- Born: 1901
- Died: 10 December 1977 (aged 75–76) Milan
- Occupation: magistrate

= Carlo Biotti =

Italian judge

Carlo Biotti (1901 – 10 December 1977) was an Italian judge, the President of the Court of Milan and a Magistrate of the Supreme Court of Cassation. His forced recusal from the case brought by the widow of Giuseppe Pinelli against the police commissioner Luigi Calabresi in 1971 became a cause célèbre.

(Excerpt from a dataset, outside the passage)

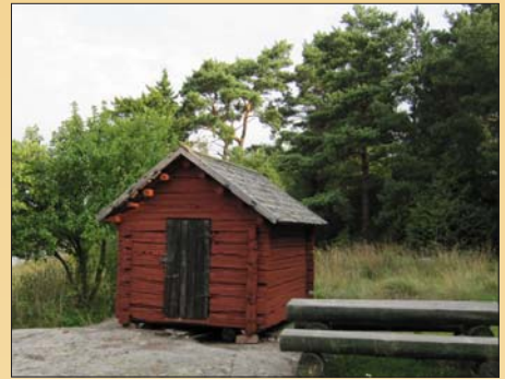
Den enda av sex strandbodas som är kvar vid Skepphus är Östergårds

Byn Norrboda existerade redan i slutet av 1200-talet, troligen redan ännu tidigare. Norrboda bestod av fem gårdar på 1500-talet, alla skattehemman, vilket betyder att bönderna ägde sin gård och betalade skatt till kronan (staten). I slutet av 1500-talet blev en gård öde och delades på 1600-talet av de övriga bönderna. Vid skattläggning 1661 bestod Norrboda av fyra gårdar; Pellas, Mickels, Mattas och Vestergård. Senare har gårdarna igen delats till olika mindre enheter.

Biotti was the presiding judge in the case brought by the widow of Giuseppe Pinelli against the police commissioner Luigi Calabresi. Calabresi had led the investigation into the Piazza Fontana bombing. Pinelli died in mysterious circumstances during a police interrogation following the bombing. On 27 May 1971, Biotti was recused at the request of Calabresi's lawyer, who claimed that in a private conversation Biotti had admitted that for career reasons he had already formed an opinion on the case. It was a claim that Biotti vehemently denied. Calabresi's attorney sought the recusal when Biotti ordered that Pinelli's body be exhumed. Neither Biotti nor his two fellow judges were convinced that Pinelli had died from falling from the police station window. His forced recusal not only prevented the exhumation of Pinelli's body, but delayed the investigation for two years.

Biotti fought for years to clear his name and in November 1974 was completely exonerated by the Court of Florence. He died three years later at the age of 76. In the 2012 film Piazza Fontana: The Italian Conspiracy, the character of Carlo Biotti is played by Bob Marchese.

From 1964 Biotti was also a director of A.C. Milan.